Releyendo este pasaje de Hesse, con el que me identifico, pienso en algo que me ocurrió hace pocos meses... Unos amigos me llevaron hasta la cabaña de una profesora, amiga suya, que vive en un lugar aislado, entre montañas. Una cabaña de piedra, de porte antiguo, típica de estas tierras, pero con un interior acogedor y dotado de todas las comodidades.
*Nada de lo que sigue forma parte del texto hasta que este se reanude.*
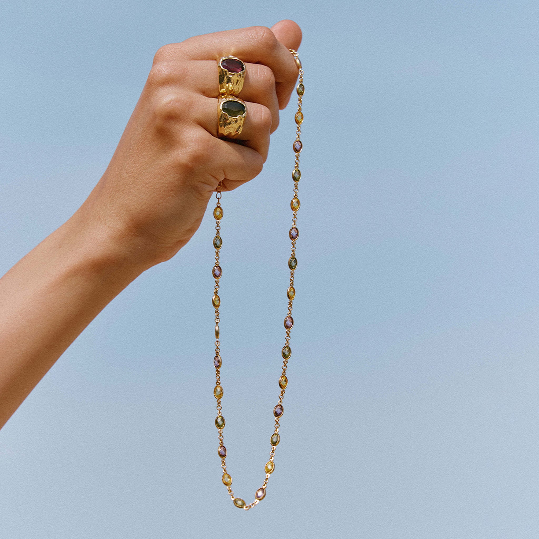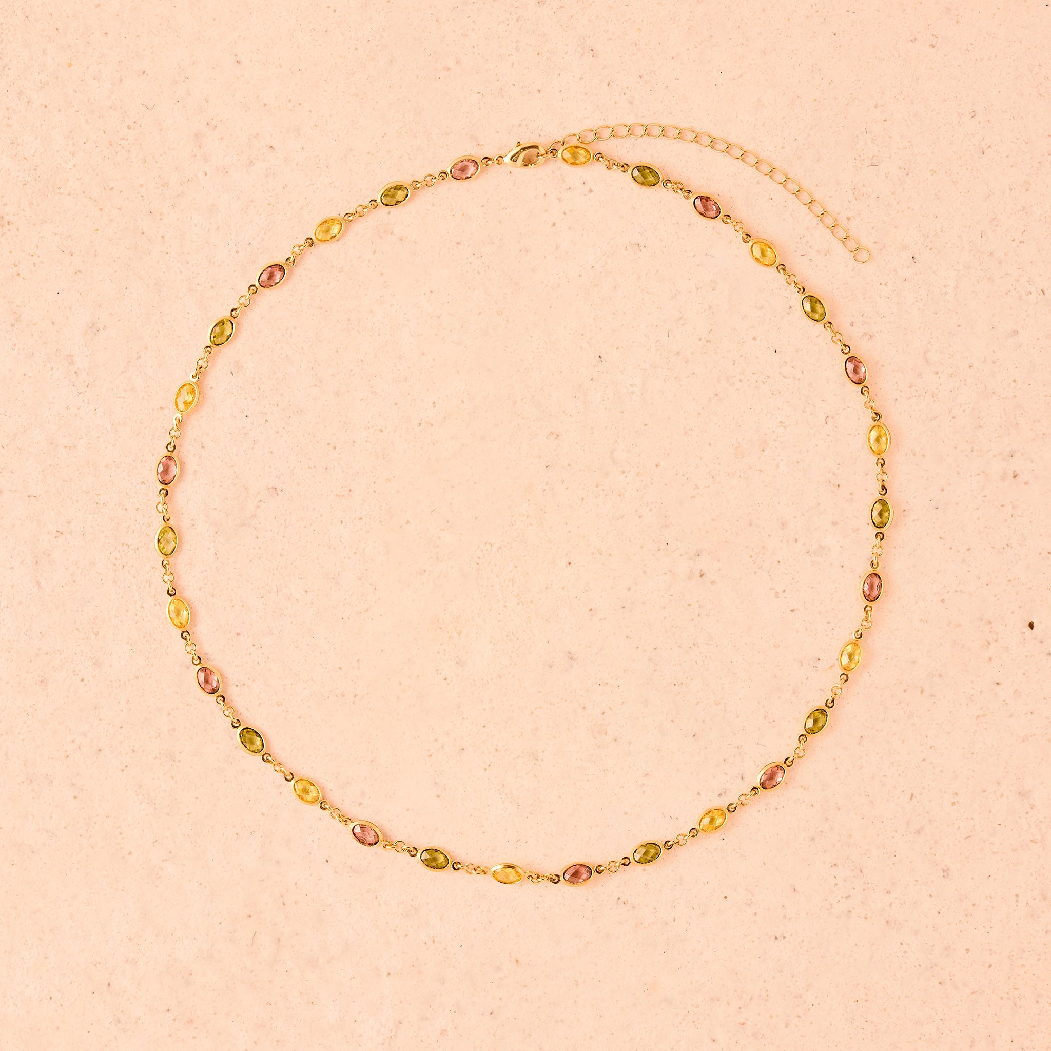 Alternating multicolored stones set on a fine chain, in vibrant shades of deep rosewood, golden yellow, and dark green.
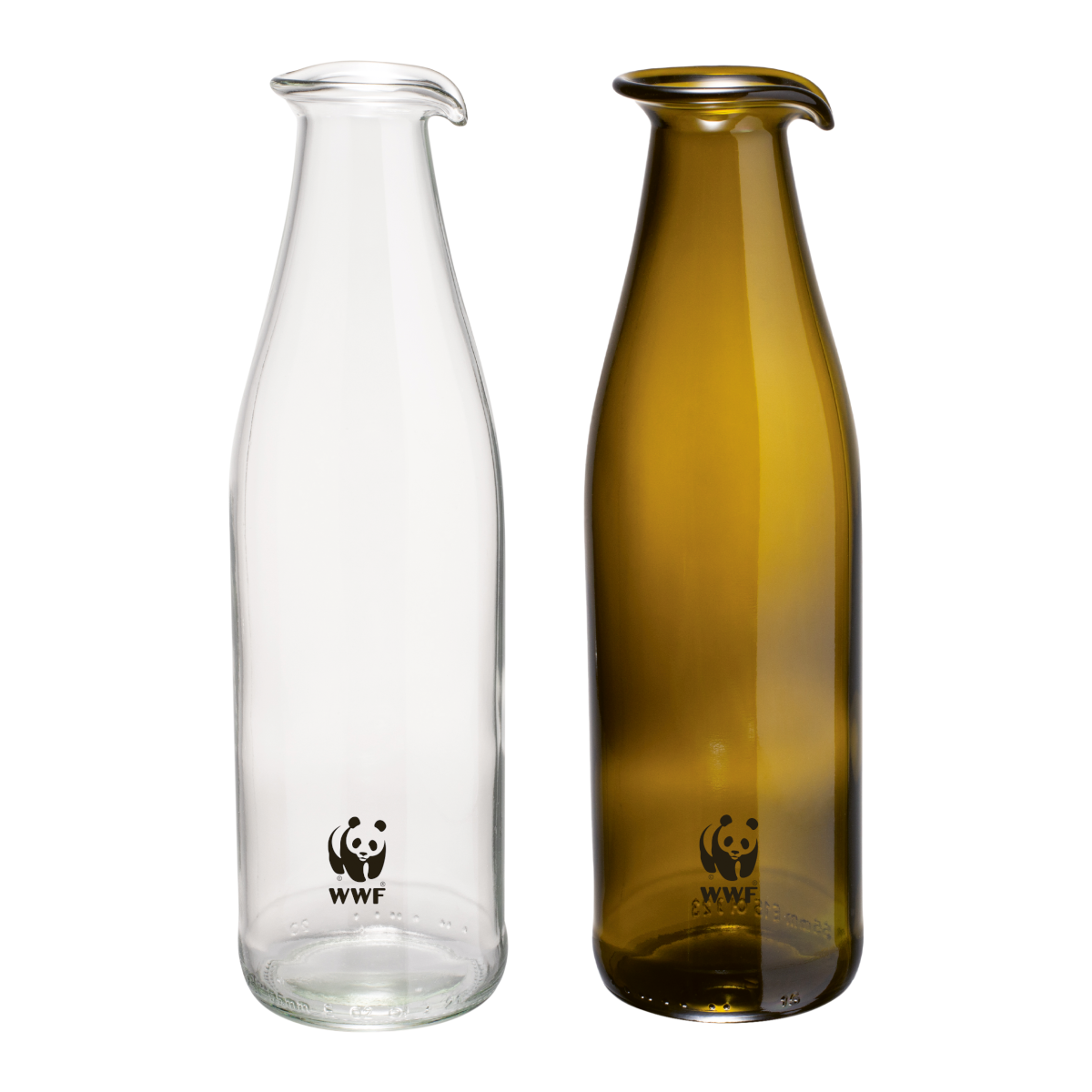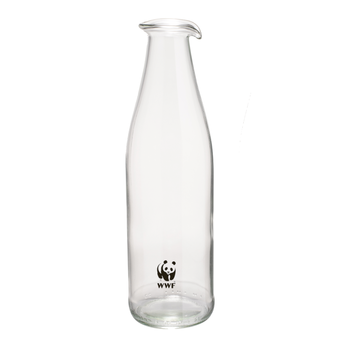 Die WWF Wasserkaraffee aus upgecycelten Weinflaschen dient gleichzeitig als Blumenvase. Sie ist das ideale Geschenk – nachhaltig, zirkulär und in Europa produziert.
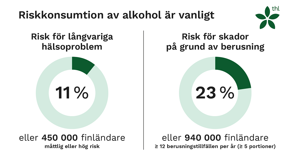 Även om den totala alkoholkonsumtionen i Finland har minskat sedan 2008, är riskkonsumtion fortfarande vanligt förekommande. 11 procent av 20–79-åringarna (450 000 personer) har en förhöjd risk för hälsoproblem orsakade av alkohol. Vid långvarig konsumtion av alkohol är riskgränsen för alkoholrelaterade hälsoproblem mer än 14 portioner alkohol per vecka för män och mer än 7 portioner alkohol per vecka för kvinnor.
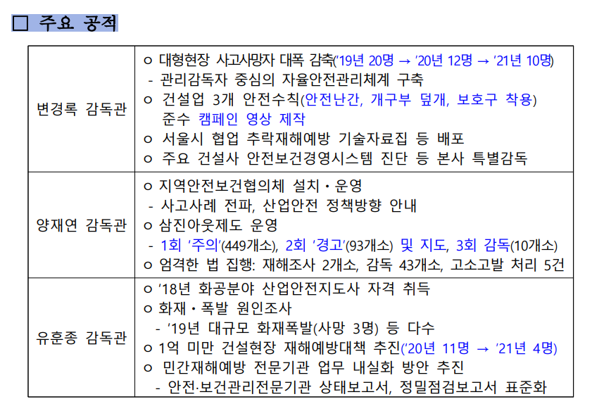 이러한 정책이 현장에서 원활히 추진될 수 있도록, 산업안전보건 감독관의 역량 강화를 위한 노력도 지속할 계획이다.
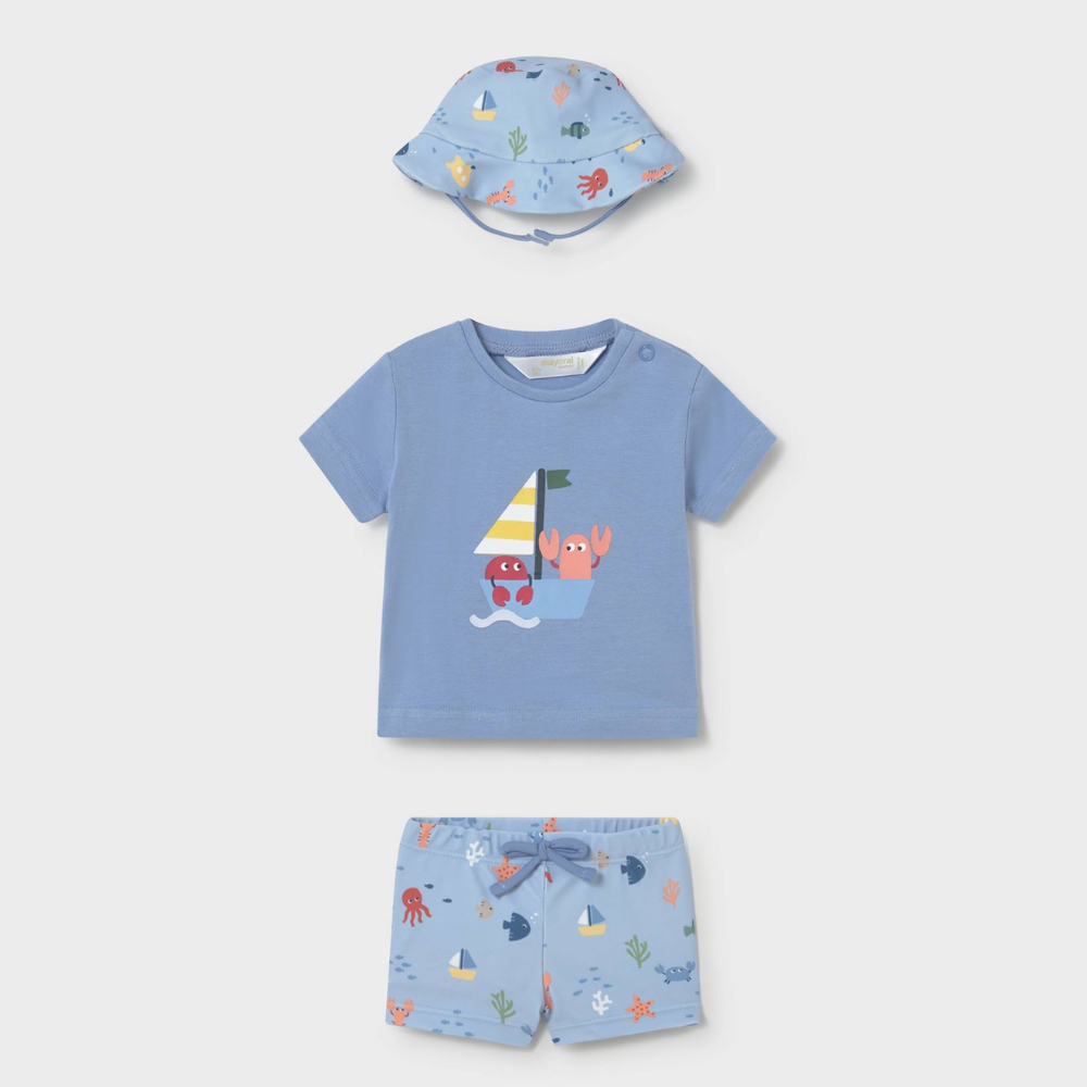 Mayoral csecsemő háromrészes úszókészlet UV védelemmel Sailboat
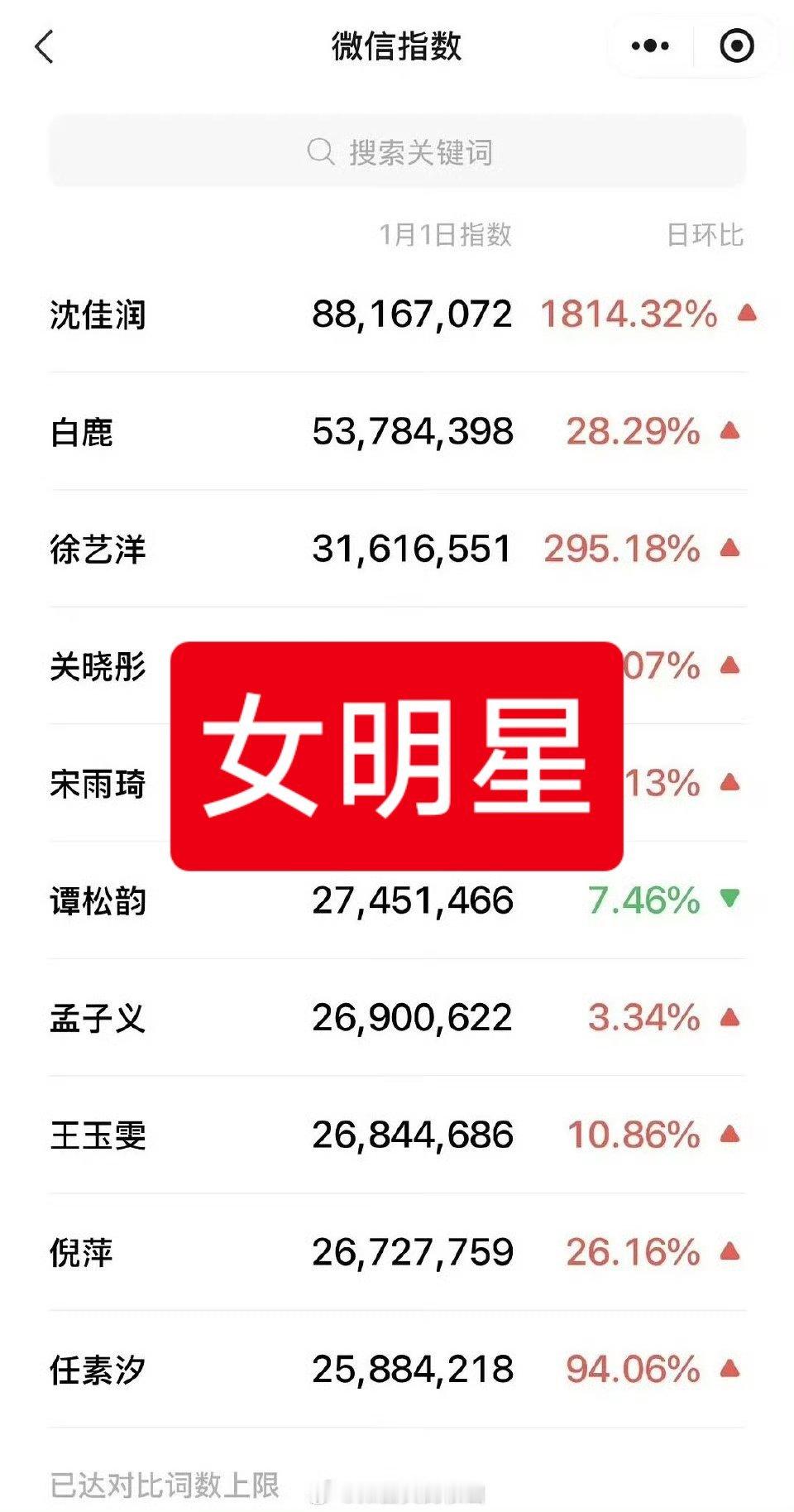 湖南卫视跨年标杆 2026年跨年晚会微指热度排行榜——❶女明星第一,沈佳润,被嘲跑调爆了词条。❷男明星第一,肖战,是什么出圈啊?没太关注?
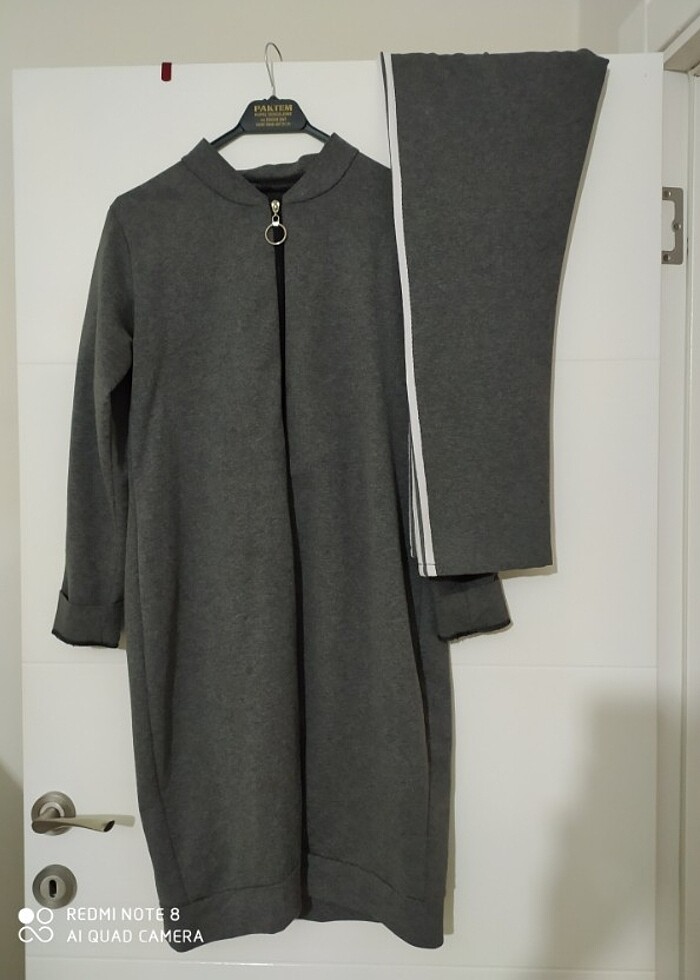 S/M beden yanlarında beyaz çizgileri var gri takım
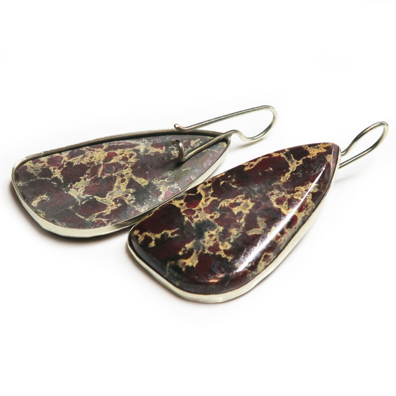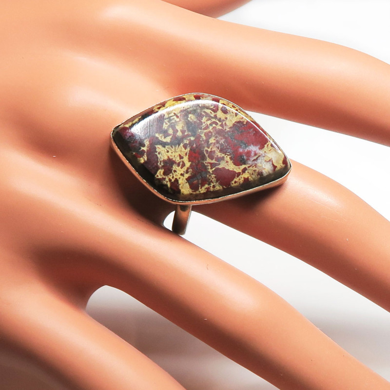 Комплект с яшмой бежевого-коричневого цвета, размер кольца 19, замок в серьгах петля с закреплением, размер камня в серьгах 2.3*4.2 см., размер камня в кольце 2.5 см., металл мельхиор, производство Россия. Размер кольца можно немного отрегулировать в любую сторону.

Para llegar allí hubo que dejar aparcado el vehículo y subir andando un largo trecho del camino, porque había nevado mucho recientemente y quedaba una resbaladiza capa de hielo.
Las vistas eran impresionantes, con praderas blancas salpicadas de robles y hayas, y en el horizonte unos majestuosos macizos de granito que dominaban el valle como gigantes. Y el aire, el más puro y limpio que he respirado nunca. Un aire que, no sé por qué, te hacía sonreír e incluso ver y pensar de forma diferente, de un modo más positivo. En definitiva, un aire que te hacía sentirte más alegre y fuerte.
Y bueno, ya en el interior de la cabaña, muy acogedor, ya digo, y amablemente atendidos por la profesora, mientras comíamos un sabroso aperitivo y bebíamos unos vasos de vino, uno de los amigos me dijo que allí, en un sitio como ese, yo estaría en mi hábitat ideal, porque era un lugar muy propicio para dar paseos tranquilos, contemplar el paisaje, pensar, y después escribir...
Entonces miré por la pequeña ventana, ví esas praderas inclinadas y los imponentes farallones, y sentí la punzada de una honda soledad.... No, yo no tenía la madera de un
Zarathustra, ni era una especie de ermitaño ni nada parecido. Podría vivir en un sitio así unos días, quizá unas pocas semanas, pero no más. La sensación que me inspiraba ese lugar era de
frío, pero no un frío provocado por el hielo, sino otro más interior.
Soy, efectivamente, un solitario, pero no tanto. Necesito salir de vez en cuando de mi guarida de lobo y encontrarme con otras personas, meterme en algún viejo mesón y tomarme un vaso de vino, conversar con alguien, sentir algo de calor humano.
Y en cuanto al tipo de vivienda, yo también prefiero las casas burguesas, con sus paredes bien pintadas y un bonito jardín, con sus interiores limpios y bien ordenados, o un apartamento en un edificio moderno, que esté bien cuidado, pulcro, en una zona tranquila, donde las voces sean educadas y no estridentes. Ese tipo de ambiente es en el que me siento a gusto. La gente que te rodea es "normal", grupos familiares con sus niños, con sus rutinas cotidianas, con su vulgaridad, con sus risas, con las cosas de siempre, pero dentro de un orden de tranquilidad y buena convivencia. Gente que no me molesta y a la que, por supuesto, intento no molestar. Gente, en fin, que no se mezcla conmigo, ni yo con ella, con la que siempre hay como una respetuosa distancia. Ellos son los normales y yo el extraño, pero cada uno está en su sitio, y no se mete en el del otro.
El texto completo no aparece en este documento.